The Yates family is seeking to complete a transaction before the end of the year, when the U.S. income tax rate on capital gains is due to increase, the people said. Members have also discussed selling shares to the public, the people said.
James Lucas, a spokesman for Yates Petroleum, said the company doesn’t comment on speculation. Tasha Pelio, a spokeswoman for JPMorgan, declined to comment.
Yates may be seeking to benefit from growing interest among major oil companies in the Permian Basin, an oil-rich stretch of west Texas and southern New Mexico, which had its first oil boom almost a century ago. It’s the most active drilling area in the U.S., according to Bloomberg Industries.
“When you look for potential opportunities in adding and growing a resource base, the Permian Basin is clearly one that stands out,” Scott Hanold, an analyst at RBC Capital Markets LLC in Minneapolis, said in a telephone interview today. “The advent of some of the new horizontal technology is just starting to take hold in the Permian.”
Chevron Corp., Royal Dutch Shell Plc, and Apache Corp. have all agreed to major acquisitions in the Permian Basin since the start of 2010. That year, Concho Resources Inc. bought the assets of Yates’ crosstown rival, closely held Marbob Energy Corp., for $1.65 billion.
Wildcatter Martin Yates Jr. pioneered oil and gas exploration in New Mexico in the 1920s, when, according to family lore, his wife’s intuition directed him to the location of his first successful well.
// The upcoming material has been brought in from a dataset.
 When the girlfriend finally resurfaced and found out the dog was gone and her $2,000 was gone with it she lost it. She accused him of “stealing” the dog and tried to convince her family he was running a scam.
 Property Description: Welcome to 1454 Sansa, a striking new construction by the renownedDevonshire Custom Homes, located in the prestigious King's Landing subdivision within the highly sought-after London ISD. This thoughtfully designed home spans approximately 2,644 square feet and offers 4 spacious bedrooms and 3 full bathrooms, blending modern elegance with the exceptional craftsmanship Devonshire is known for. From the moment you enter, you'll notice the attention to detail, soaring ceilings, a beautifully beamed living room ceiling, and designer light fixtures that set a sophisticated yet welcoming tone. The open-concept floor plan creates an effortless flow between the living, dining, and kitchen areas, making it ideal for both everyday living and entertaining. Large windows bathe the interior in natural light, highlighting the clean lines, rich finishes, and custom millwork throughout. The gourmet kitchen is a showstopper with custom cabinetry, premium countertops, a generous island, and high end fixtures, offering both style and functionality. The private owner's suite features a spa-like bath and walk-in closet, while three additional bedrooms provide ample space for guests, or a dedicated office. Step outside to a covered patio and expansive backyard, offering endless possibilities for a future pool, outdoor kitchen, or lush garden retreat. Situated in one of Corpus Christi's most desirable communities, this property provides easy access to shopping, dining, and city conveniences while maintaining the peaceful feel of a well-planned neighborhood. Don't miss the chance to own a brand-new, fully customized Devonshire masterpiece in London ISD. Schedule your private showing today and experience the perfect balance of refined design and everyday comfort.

His grandchildren are now involved in the business.
Different branches of the family control affiliated oil and gas companies, adding to the complexity of a potential sale, the people said. As many as 20 different Yates companies, backed by different family members, sometimes compete against each other for projects, the New York Times reported in 2004.
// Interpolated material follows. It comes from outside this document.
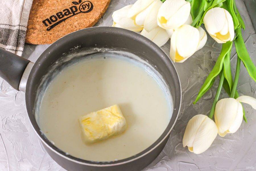 Вмешайте в заварной крем сливочное масло хорошего качества. Это можно сделать и после остывания крема — по желанию.

Yates was the largest holder of leases to drill for oil and gas on U.S. government land, according to a 2004 report by Environmental Working Group, a Washington-based organization that is critical of the government’s leasing policies. The company operates in 13 states, with most of its production in New Mexico and Wyoming, according to a 2009 statement by one of Yates’ technology vendors.
One related company, Yates Drilling Co., was sold to Occidental Petroleum Corp. in 2010, the New Mexico Business Weekly reported that year, citing sources including an executive at another local oil company. Neither Yates Drilling nor Occidental confirmed the sale to the Business Weekly.